Грейс пожимает плечами.

– Может, за ними вообще никто и никогда не явится. Кому охота сюда плыть, если без этого можно обойтись? – В ее словах чувствуется горечь, быстро, впрочем, приглушенная.

Интересно, а под «другими» можно подразумевать еще нескольких мужчин, что приплывут сюда на лодках под покровом сумерек? Хочется спросить это у Грейс, но я все же чересчур взволнована, и мне от этих мыслей слишком страшно.

Вглядываясь в небо до тех пор, пока не мутнеет в глазах, я замечаю еще одну птицу. Полет ее в голубой выси еле различим. Она от нас очень далеко – словно внезапный проблеск в небе.

– Грейс… – шепотом зову я.

– Что теперь? – откликается сестра, и я указываю на странное появление над нами птицы.

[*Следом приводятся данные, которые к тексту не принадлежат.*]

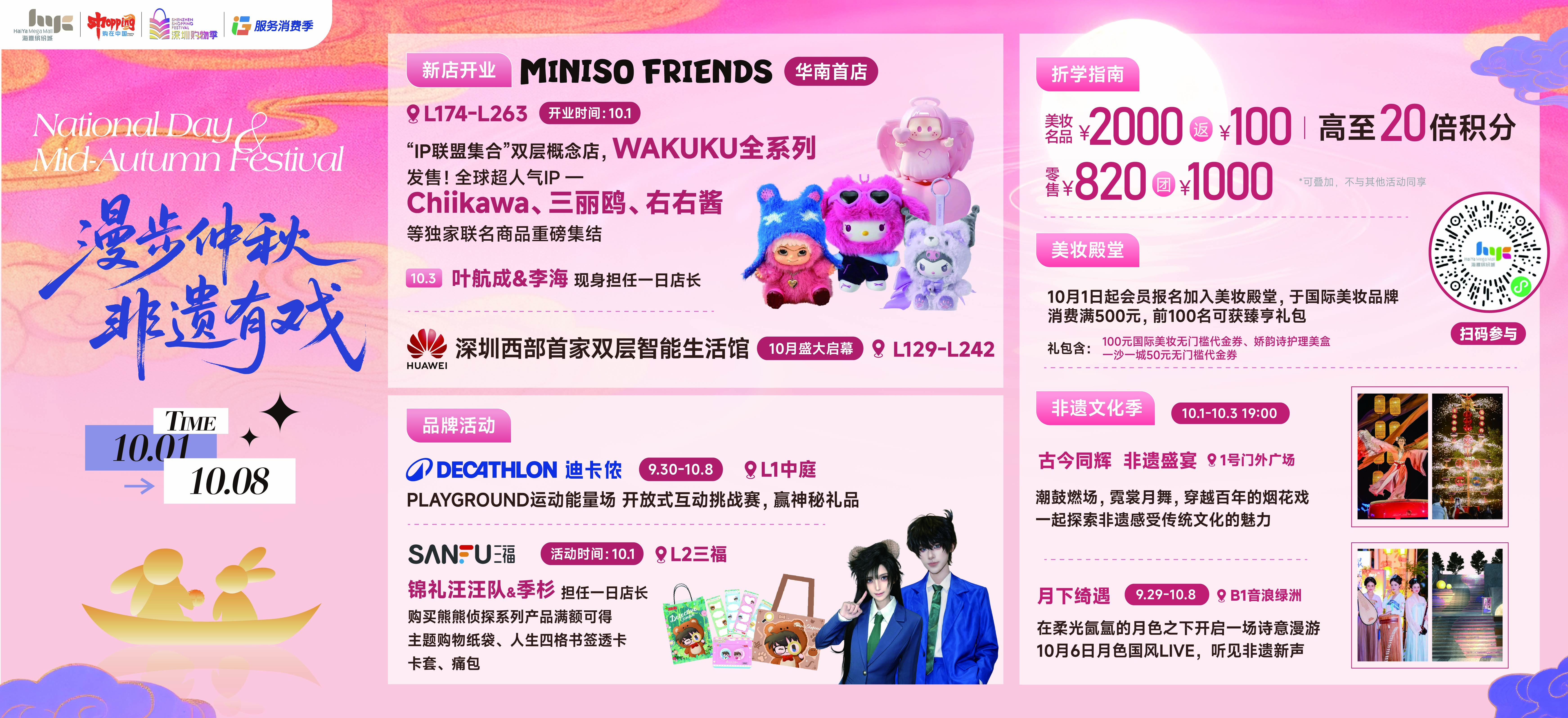 这个假期,海雅缤纷城也使出“连环大招”!10月1日,MINISO FRIENDS华南首店将在此开业,作为名创优品旗下的大型“IP联盟集合”双层概念店,新店开业将迎来WAKUKU全系列、Chiikawa、三丽鸥等一系列热门IP和独家联名款的首销。

Грейс садится повыше на шезлонге и спокойно в нее всматривается, покуда та не исчезает из вида.

– Ну и что?

– Надо сказать маме, – говорю я.

– Потом, – отмахивается она. – Все в порядке.

Сейчас у нее добродушное настроение, и от этого мне даже еще больше обидно. Она низко раскладывает шезлонг, так что оказывается почти что лежа, и кладет блюдце себе на бедра, под самой выпуклостью живота. Если она внезапно дернется, то блюдце упадет и разобьется, однако я не собираюсь забирать его и ставить на стол. Просто наблюдаю, как оно потихоньку шевелится при каждом ее вдохе и выдохе, пока мне это не надоедает.

Всякий раз, стоит мне подумать: «Как же я одинока!» – это кажется все печальнее и все больше похожим на правду. Как будто мыслью можно воплотить что-то в реальность. Измыслить нечто от начала и до конца.

Жара усиливается. Оставив сестру лежать в шезлонге, я спускаюсь вниз, прохожу через закрытый от солнца, тихий дом и вскоре оказываюсь на берегу, пробираясь по гальке и каменной крошке.

Мне надо что-то делать. Хоть что-нибудь.

Наконец песок упирается в деревья, и густые метелки песколюба уступают место березам и соснам с их прохладной тенью. Этакая переходная зона, где льющийся с открытого неба зной обращается в нечто защищенное, нечто укромное.